WORK ORDER: In the entries below, repeat only the lines between those holding "2020年6月至2025年6" and "İlçeye bağlı Deniz", inclusive. Leave pictures out.

── RECORDS FOR PROCESSING

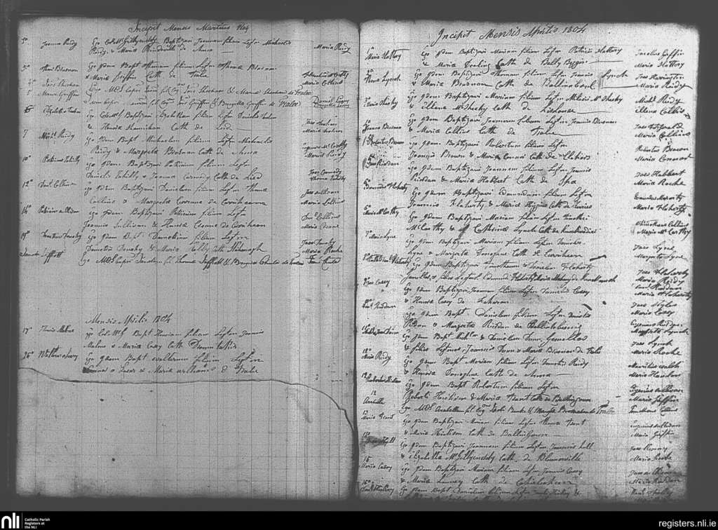 Tralee; County of Kerry; Diocese of Kerry. Baptisms, Mar. 1804 to Apr. 1804
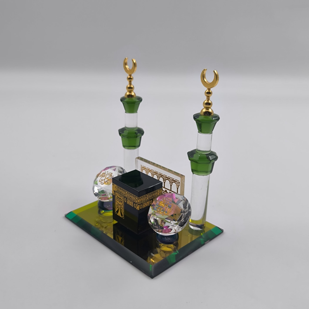Kristal Kesim Lafızlı Kabe Biblo, 8,5x6,5x10 cm boyutlarında, camdan el işçiliği ile üretilmiş şık bir dekoratif üründür. Kristal kesim tasarımı sayesinde ışığa göre renk değiştirme özelliği bulunur. Ev, ofis veya ibadet alanlarına estetik bir dokunuş katar. Hem dekoratif hem fonksiyonel bir biblo seçeneğidir.
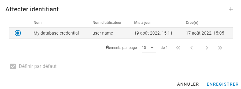 Ajoutez un nom d'identification pour les informations d'identification, ainsi que votre identifiant utilisateur et votre mot de passe pour la base de données. Pour plus de détails, voir Affecter des informations d'identification.
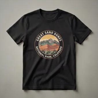 Great Sand Dunes National Park in Colorado offers a unique landscape where towering sand dunes meet the Sangre de Cristo Mountains. This striking graphic tee captures the essence of this natural wonder, featuring rolling sand dunes in warm, earthy tones against a backdrop of rugged, snow-capped peaks under a hazy, golden sky. The design is framed by a circular emblem with the park's name and location, 'Great Sand Dunes National Park, Colorado,' in a classic retro font. This shirt is a thoughtful gift for hikers, campers, and outdoor enthusiasts who appreciate the dramatic scenery and adventurous spirit of this Colorado gem. It's a go-to tee for anyone who has explored the park's vast sandy expanses or dreams of visiting. Wear it on your next outdoor excursion or as a reminder of your travels. The Great Sand Dunes are the tallest sand dunes in North America, a testament to the powerful geological forces that shaped this region over millennia. This apparel serves as a wearable memento for those who cherish the wild beauty of America's national parks. Whether you're planning a trip or reminiscing about past adventures, this t-shirt connects you to the majesty of Great Sand Dunes.
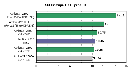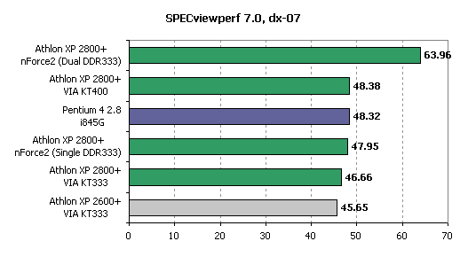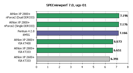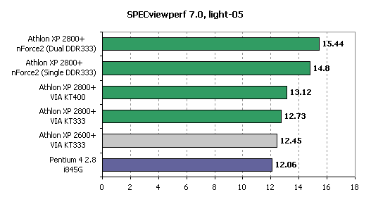 Professional SPECviewperf test package is an excellent benchmark for different memory subsystems. Therefore, no wonder that nForce2 appeared almost phenomenally fast sometimes. In general, the advantage of Athlon XP 2800+ over Pentium 4 2.8GHz can be explained by the fact that professional OpenGL applications included into this package are very much dependent on the computational capacity of the CPU without involving any SSE2 instructions.
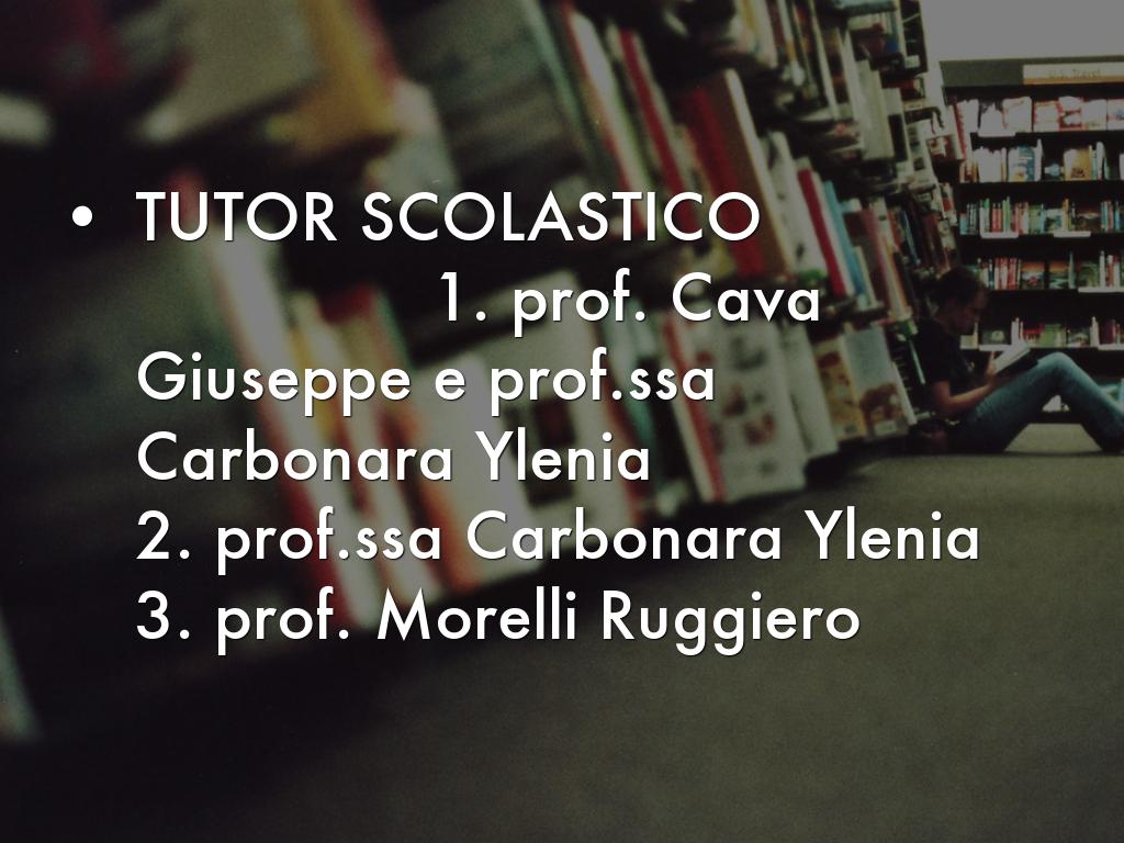 TUTOR SCOLASTICO 1. prof. Cava Giuseppe e prof.ssa Carbonara Ylenia 2. prof.ssa Carbonara Ylenia 3. prof. Morelli Ruggiero
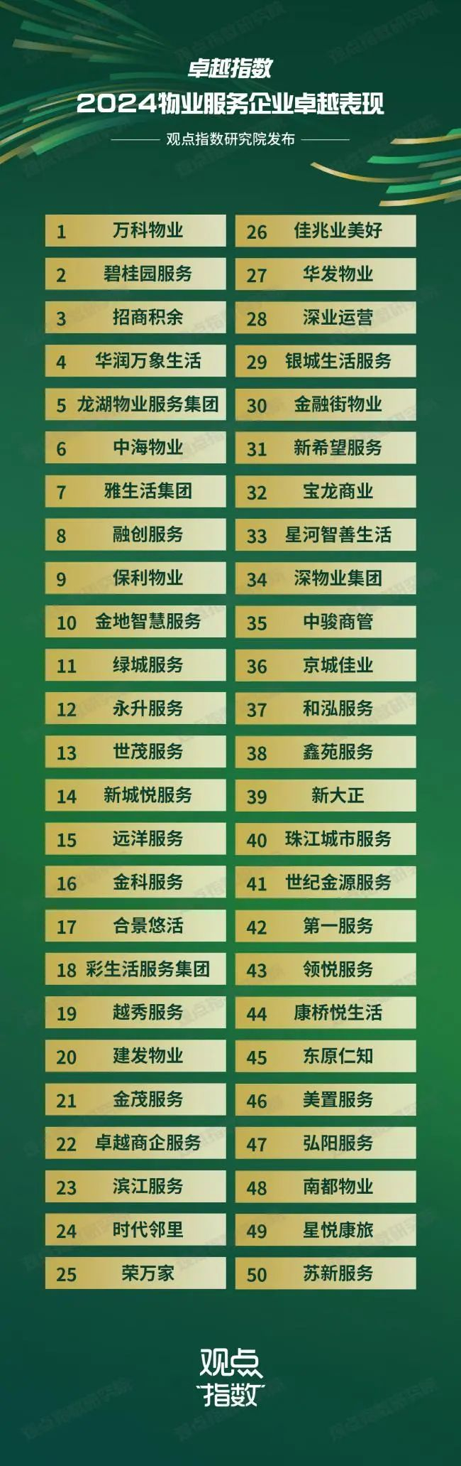 多极赛道发力 万科物业、碧桂园服务、招商积余位列卓越三甲
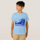 100% cotton so perfect for summer, It is a nicely designed t-shirt, the fabric is soft and the seams finished well, the body of the t shirt has no side seams. I bought a medium size for my two grandsons, aged 9 and 8 it will be slightly big on them but I would rather that than too small
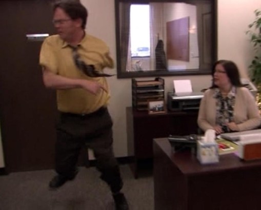 Dwight: It’s not the soil! It’s the manure! Paper is the manure! On-time delivery is the soil! Aah! [runs into office] - The best moment – Dwight’s spin move on Schofield’s secretary.
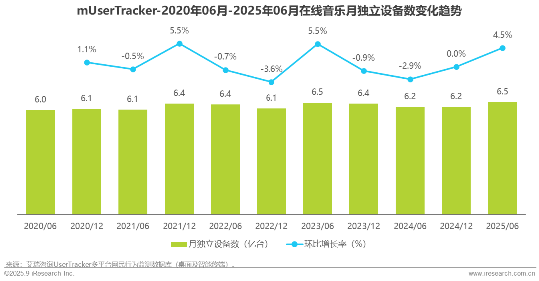 2020年6月至2025年6月,月独立设备数从6亿增加到6.5亿,增幅7.8%,表明在线音乐用户规模持续扩大,但增速趋于平稳,市场逐渐进入成熟期。期间出现三次波峰:2021年12月,版权政策放宽,多家平台获得更多歌曲授权,用户体验提升;2023年6月, AI推荐算法优化,个性化体验增强,以及线上演唱会、虚拟偶像等内容形式兴起;2025年6月,5G+VR/AR技术在音乐体验中的应用逐渐普及。艾瑞咨询认为,随着政策利好(如版权共享)与技术进步(AI、5G、VR)共同推动行业创新,未来VR/AR音乐会、全息演唱会将成为常态,AI生成音乐、个性化推荐将进一步精准化。用户规模增长可能进一步放缓,但ARPU(每用户平均收入)有望提升。
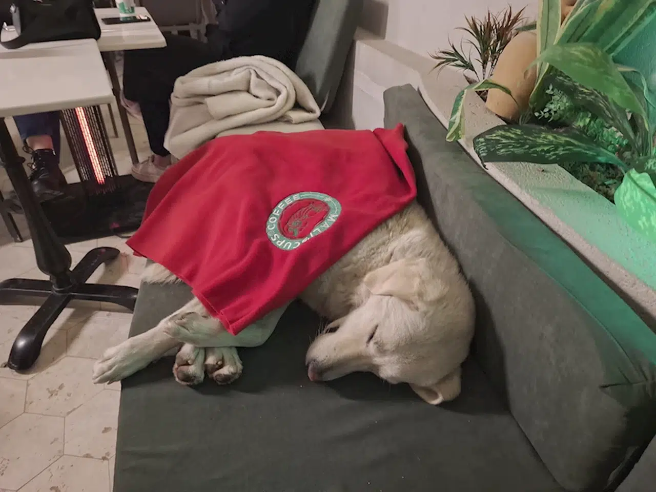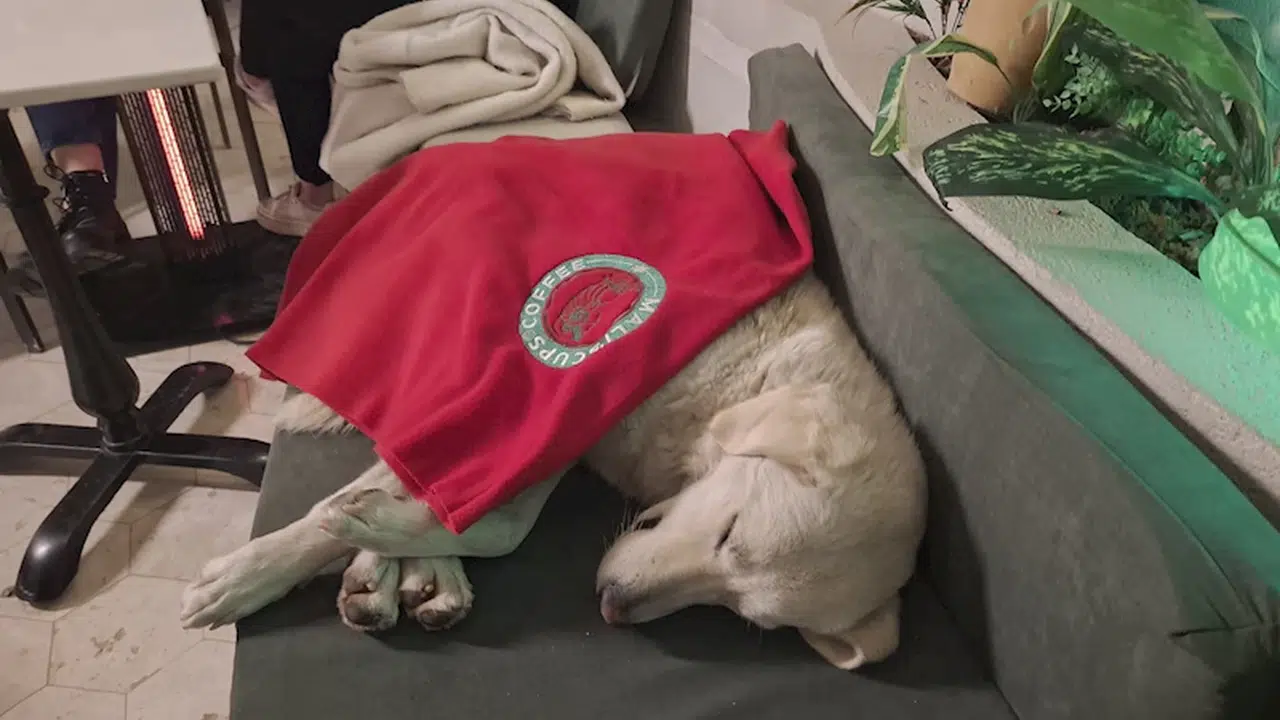 İlçeye bağlı Deniz Mahalle'sinde kahve ürünleri satan bir kafenin çalışanları, akşam saatlerinde iş yerinin önünde yağmur altında üşüyen bir köpek gördü. Kafe çalışanları, bitkin haldeki köpeği içeriye alıp, yiyecek verdi. Köpek, kafenin içinde bulunan koltuk üzerinde yatarak ısındı. (DHA)
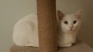 Noelle is a beautiful young girl with a pink nose and gorgeous green eyes. She came into care as a stray and did really well learning how to live indoors with people. After her kittens were adopted, Noelle slowly figured out how to trust people and quickly learned how much she loves her toys.
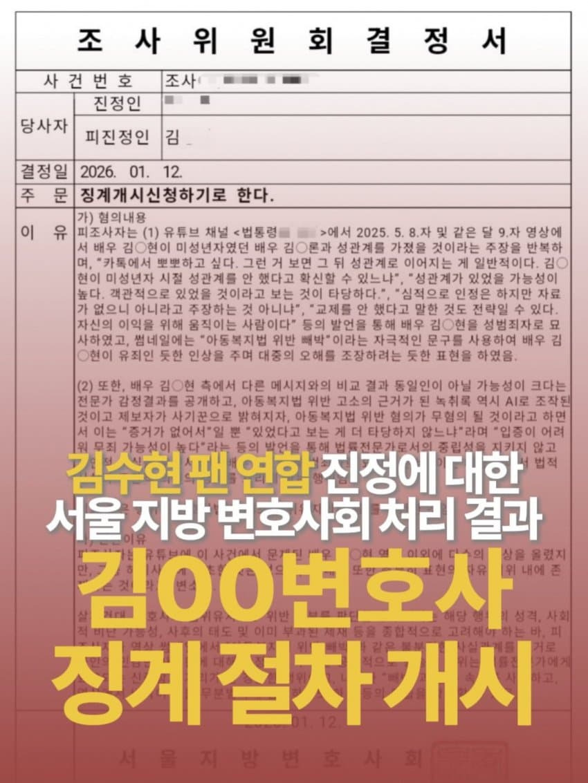 [김ㅇㅇ변호사 징계 절차 개시]
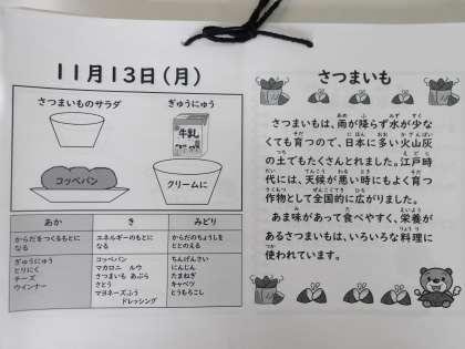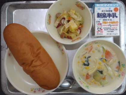 今日の献立は、クリーム煮、コッペパン、さつまいものサラダ、牛乳でした。

────

REPLY:
 2020年6月至2025年6月,月独立设备数从6亿增加到6.5亿,增幅7.8%,表明在线音乐用户规模持续扩大,但增速趋于平稳,市场逐渐进入成熟期。期间出现三次波峰:2021年12月,版权政策放宽,多家平台获得更多歌曲授权,用户体验提升;2023年6月, AI推荐算法优化,个性化体验增强,以及线上演唱会、虚拟偶像等内容形式兴起;2025年6月,5G+VR/AR技术在音乐体验中的应用逐渐普及。艾瑞咨询认为,随着政策利好(如版权共享)与技术进步(AI、5G、VR)共同推动行业创新,未来VR/AR音乐会、全息演唱会将成为常态,AI生成音乐、个性化推荐将进一步精准化。用户规模增长可能进一步放缓,但ARPU(每用户平均收入)有望提升。
 İlçeye bağlı Deniz Mahalle'sinde kahve ürünleri satan bir kafenin çalışanları, akşam saatlerinde iş yerinin önünde yağmur altında üşüyen bir köpek gördü. Kafe çalışanları, bitkin haldeki köpeği içeriye alıp, yiyecek verdi. Köpek, kafenin içinde bulunan koltuk üzerinde yatarak ısındı. (DHA)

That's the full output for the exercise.